Wednesday, March 6, 2013
In a recent case in Delaware we get an expected but still important decision in Meso Scale Diagnostics. This is just blocking-and-tackling. The question for the court was whether a reverse triangular merger constituted an assignment with respect to the surviving corporation. The court concluded it did not. In doing so, Vice Chancellor Parsons declined to follow a California case (SQL Solutions) that held that a reverse triangular merger resulted in an assignment by operation of law with respect to the surviving corporation:
Delaware courts have refused to hold that a mere change in the legal ownership of a business results in an assignment by operation of law. SQL Solutions, on the other hand, noted California courts have consistently recognized that an assignment or transfer of rights does occur through a change in the legal form of ownership of a business. The SQL Solutions case, however, provides no further explanation for its apparent holding that any change in ownership, including a reverse triangular merger, is an assignment by operation of law. Both stock acquisitions and reverse triangular mergers involve changes in legal ownership, and the law should reflect parallel results. In order to avoid upsetting Delaware‘s well-settled law regarding stock acquisitions, I refuse to adopt the approach espoused in SQL Solutions.

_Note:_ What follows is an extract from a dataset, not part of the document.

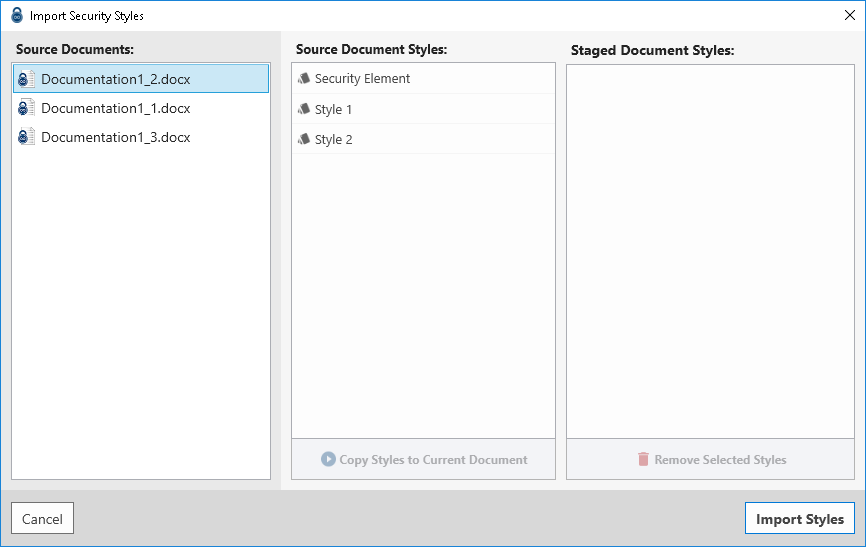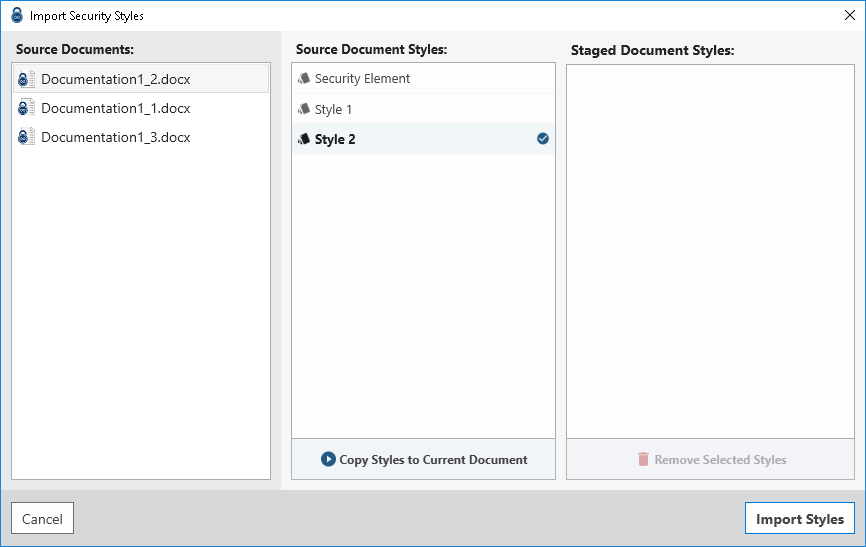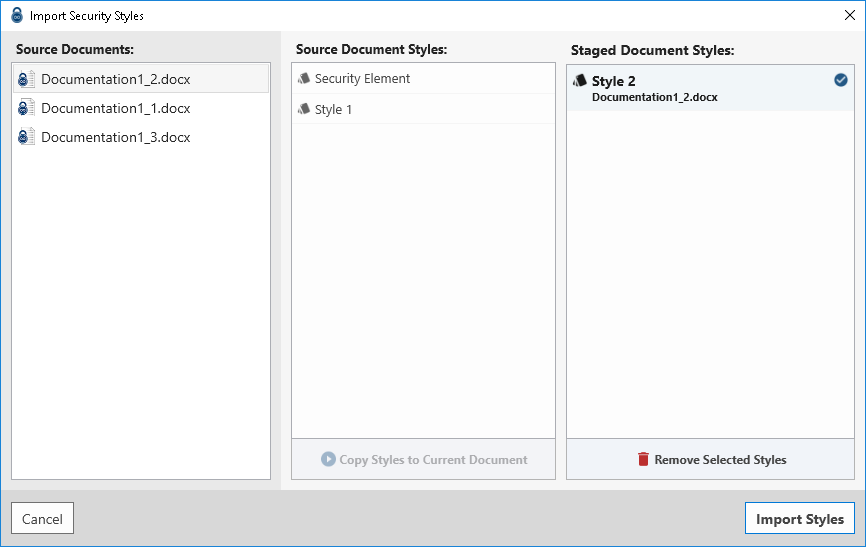 A list of the Security Styles in the selected Source Document is listed in the Source Document Styles column.

In sum, Meso could have negotiated for a change of control provision. They did not. Instead, they negotiated for a term that prohibits assignments by operation of law or otherwise. Roche has provided a reasonable interpretation of Section 5.08 that is consistent with the general understanding that a reverse triangular merger is not an assignment by operation of law.
Another reason why the triangular merger structure remains the go-to structure for dealmakers.